Items from a data source
____________________

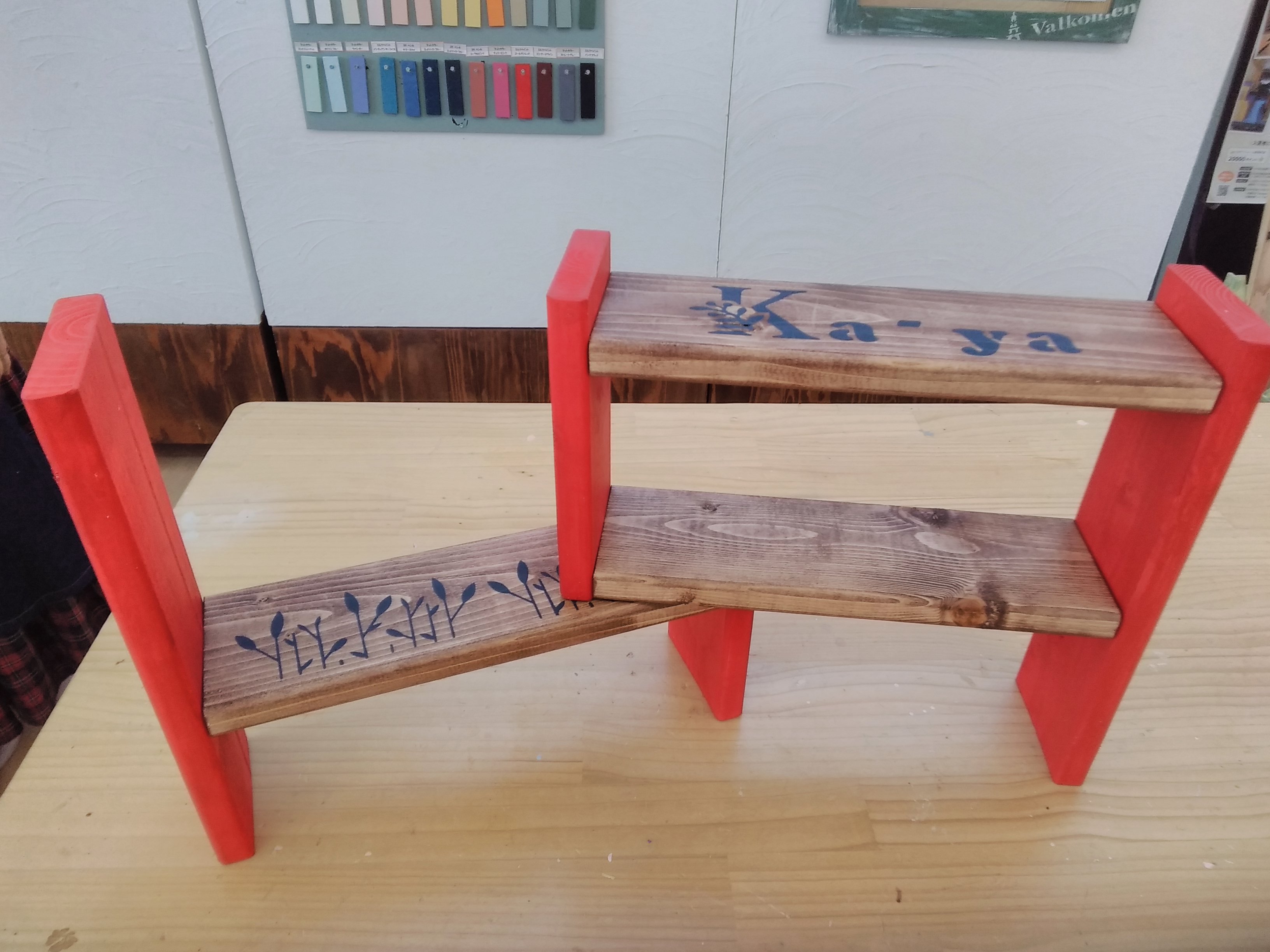 【午後1回の開催です】カット済みの木材を電動工具で組み立て、水性塗料またはワックスでペイントして仕上げます。調味料の収納や小物棚としても活躍する、使い勝手のいいラックです。
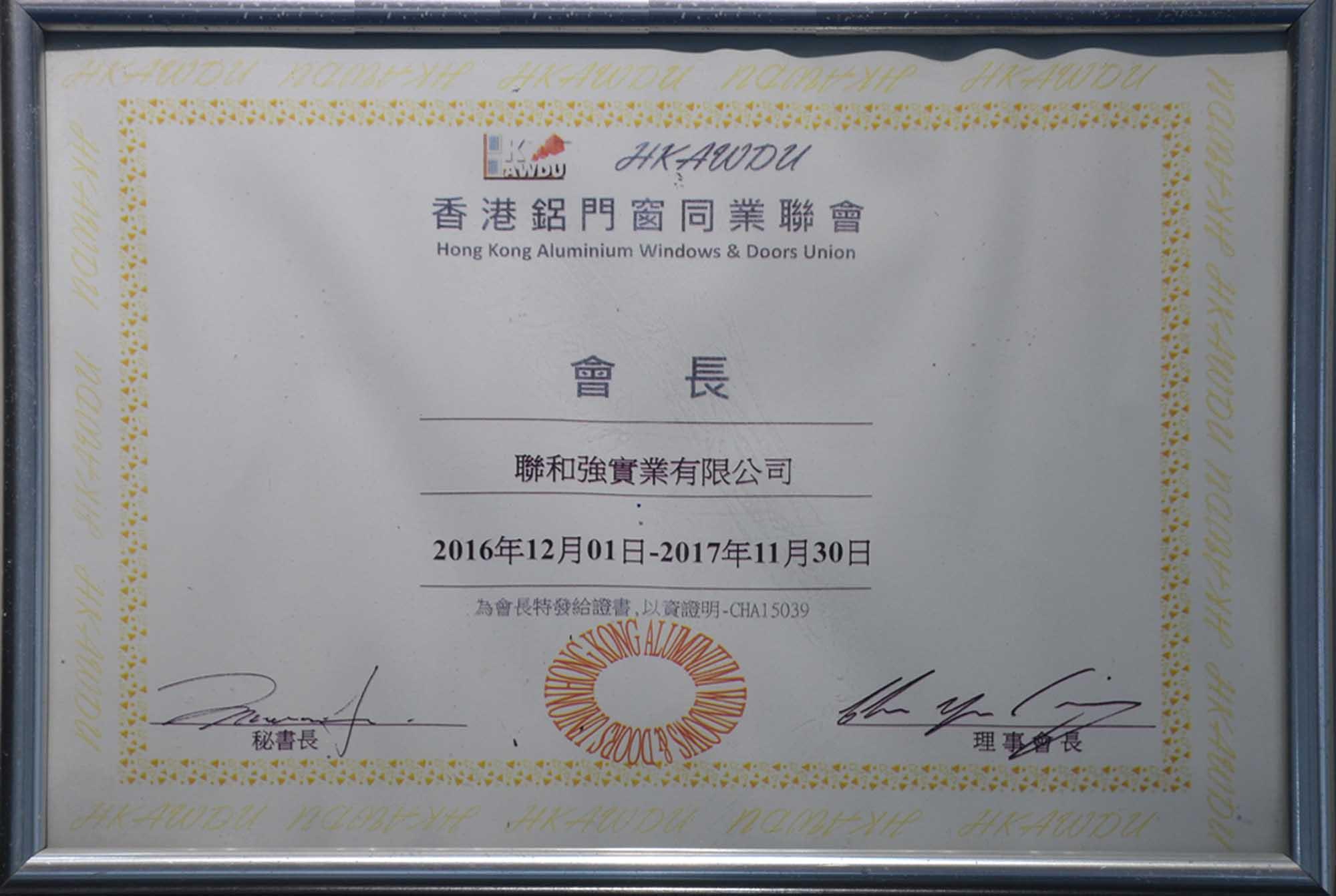 香港铝门窗同业联会会长证书 |
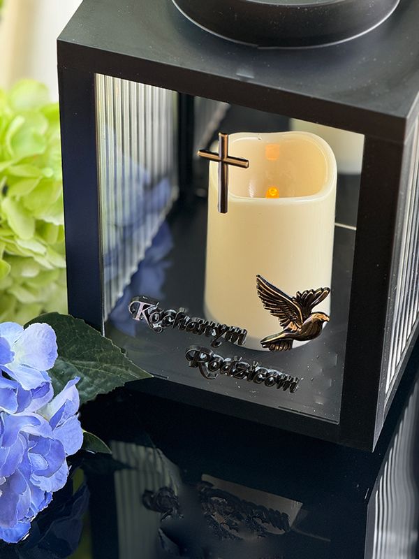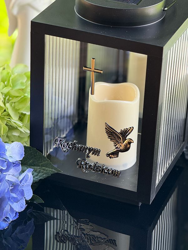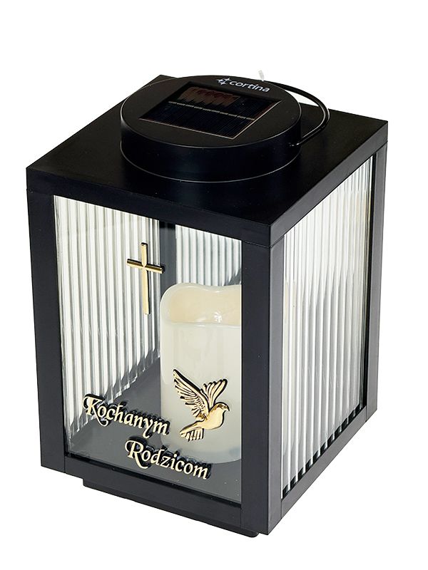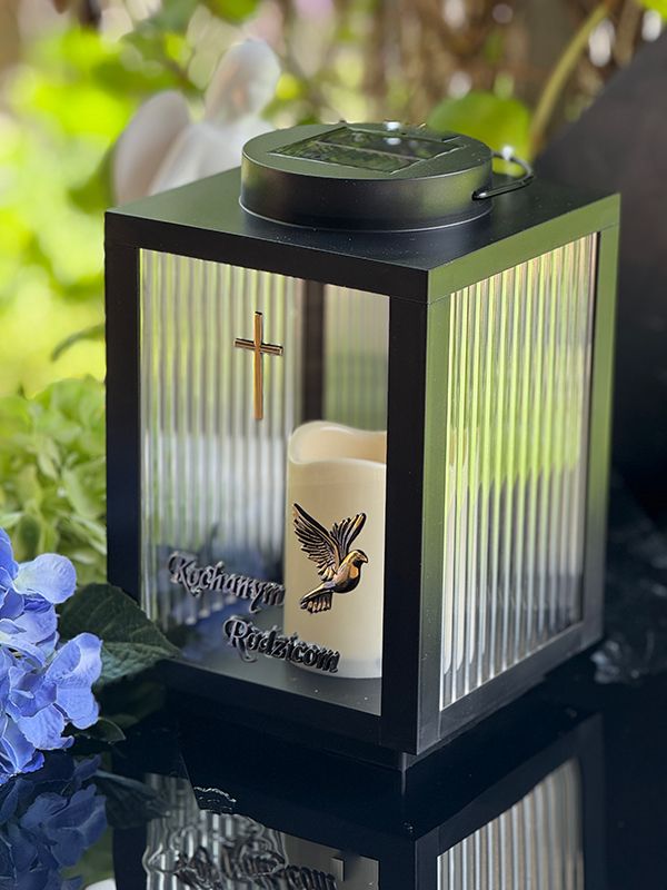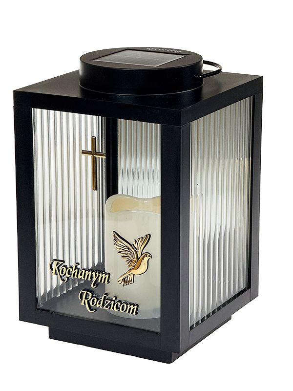 Znicz solarny, Nowoczesny Lampion Led Całodobowy Złoty napis "Kochanym Rodzicom"
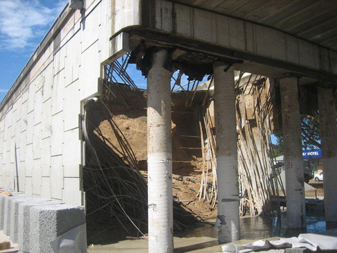 The GRS was constructed on native soil deposits. The sidewalls of the trench were constructed using fine grained fill material with layers of geogrid reinforcement at 400mm to 600m vertical spacing. The vertical spacing of the geogrids was closer below the bearing seat, becoming more widely spaced with depth. A polyvinyl alcohol (PVA) type geogrid was used with tensile strengths ranging from 110kN/m to 200kN/m. The lower strength geogrid was used in proximity to the underside of the bridge bearing seat (foundation). Flexible facings were installed consisting of gravel filled hollow segmental blocks with the connection between the geogrid and the blocks maintained by friction. The geogrid was also wrapped against the facing and into the next layer. The separation distance from the bearing seat (foundation) and the interior of the facing ranged from 0.5 to 1.5 metres.
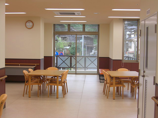 食堂にてお食事をご提供します。五つの実ではご利用者様への食事は施設の栄養士の管理の下、外部委託業者にお願いし施設一階の厨房にて、温かい食事をご提供しています。季節ごとの旬の食材を使った料理をはじめ、施設のイベントでもある鍋料理や焼き肉・おやつ作りなど見た目でも楽しめるように様々な工夫をしています。
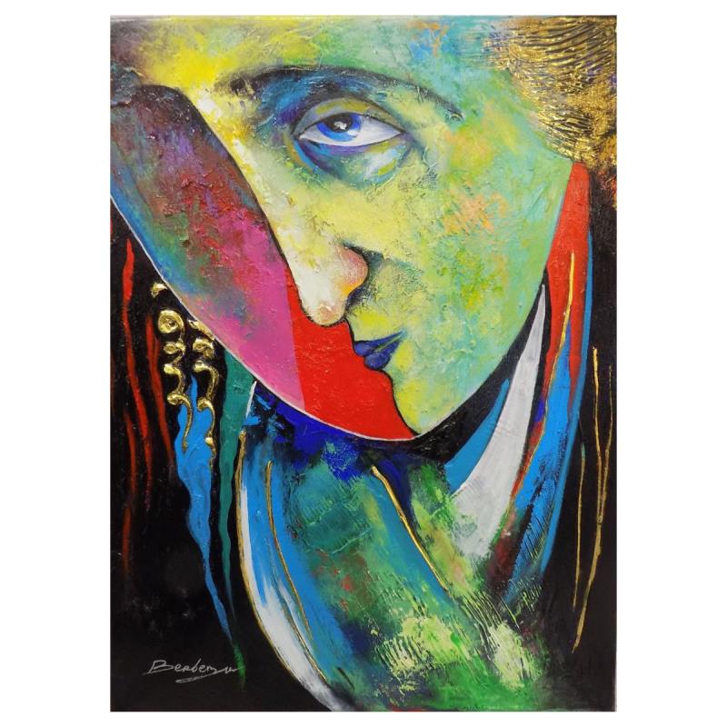 "Green Beauty""&" is an original acrylic mixed media painting on canvas by Ara Berberyan. The piece is hand signed and comes with a letter of authenticity. Measures approximately 24" x 18".
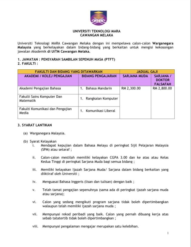 Iklan Kini Universiti Teknologi Mara (UiTM) Melaka
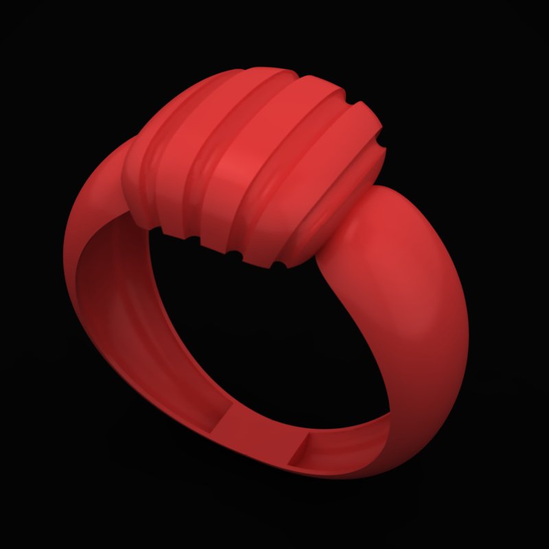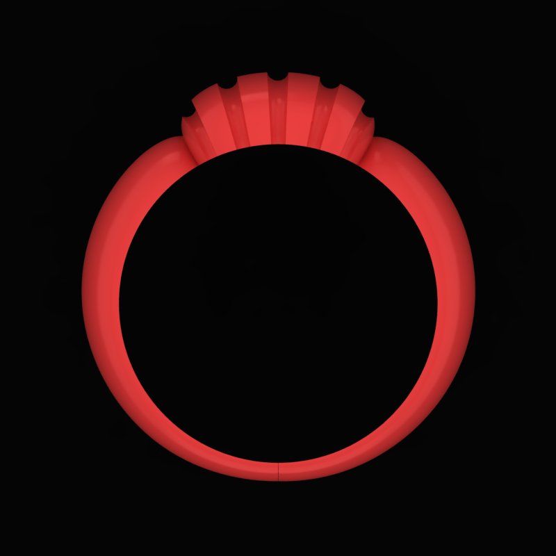 حجم مرکزی این مدل با خطوط صاف و پیوسته، تصویری از قدرت هندسی در طراحی دیجیتال ارائه میدهد. بخش های براق انگشتر، منعکس کننده نور طبیعی هستند، در حالیکه لایههای مات در پس زمینه، انسجام بصری ایجاد میکنند. این بازی میان نور و سایه، روحی معاصر به فرم میدهد و آن را برای ساخت با هر نوع فلز گرانبها از طلای زرد تا پلاتین مناسب میسازد.

____________________

-- Try it --
Output each record precisely as it appears, and drop every picture.

-- Answer section --
 【午後1回の開催です】カット済みの木材を電動工具で組み立て、水性塗料またはワックスでペイントして仕上げます。調味料の収納や小物棚としても活躍する、使い勝手のいいラックです。
 香港铝门窗同业联会会长证书 |
 Znicz solarny, Nowoczesny Lampion Led Całodobowy Złoty napis "Kochanym Rodzicom"
 The GRS was constructed on native soil deposits. The sidewalls of the trench were constructed using fine grained fill material with layers of geogrid reinforcement at 400mm to 600m vertical spacing. The vertical spacing of the geogrids was closer below the bearing seat, becoming more widely spaced with depth. A polyvinyl alcohol (PVA) type geogrid was used with tensile strengths ranging from 110kN/m to 200kN/m. The lower strength geogrid was used in proximity to the underside of the bridge bearing seat (foundation). Flexible facings were installed consisting of gravel filled hollow segmental blocks with the connection between the geogrid and the blocks maintained by friction. The geogrid was also wrapped against the facing and into the next layer. The separation distance from the bearing seat (foundation) and the interior of the facing ranged from 0.5 to 1.5 metres.
 食堂にてお食事をご提供します。五つの実ではご利用者様への食事は施設の栄養士の管理の下、外部委託業者にお願いし施設一階の厨房にて、温かい食事をご提供しています。季節ごとの旬の食材を使った料理をはじめ、施設のイベントでもある鍋料理や焼き肉・おやつ作りなど見た目でも楽しめるように様々な工夫をしています。
 "Green Beauty""&" is an original acrylic mixed media painting on canvas by Ara Berberyan. The piece is hand signed and comes with a letter of authenticity. Measures approximately 24" x 18".
 Iklan Kini Universiti Teknologi Mara (UiTM) Melaka
 حجم مرکزی این مدل با خطوط صاف و پیوسته، تصویری از قدرت هندسی در طراحی دیجیتال ارائه میدهد. بخش های براق انگشتر، منعکس کننده نور طبیعی هستند، در حالیکه لایههای مات در پس زمینه، انسجام بصری ایجاد میکنند. این بازی میان نور و سایه، روحی معاصر به فرم میدهد و آن را برای ساخت با هر نوع فلز گرانبها از طلای زرد تا پلاتین مناسب میسازد.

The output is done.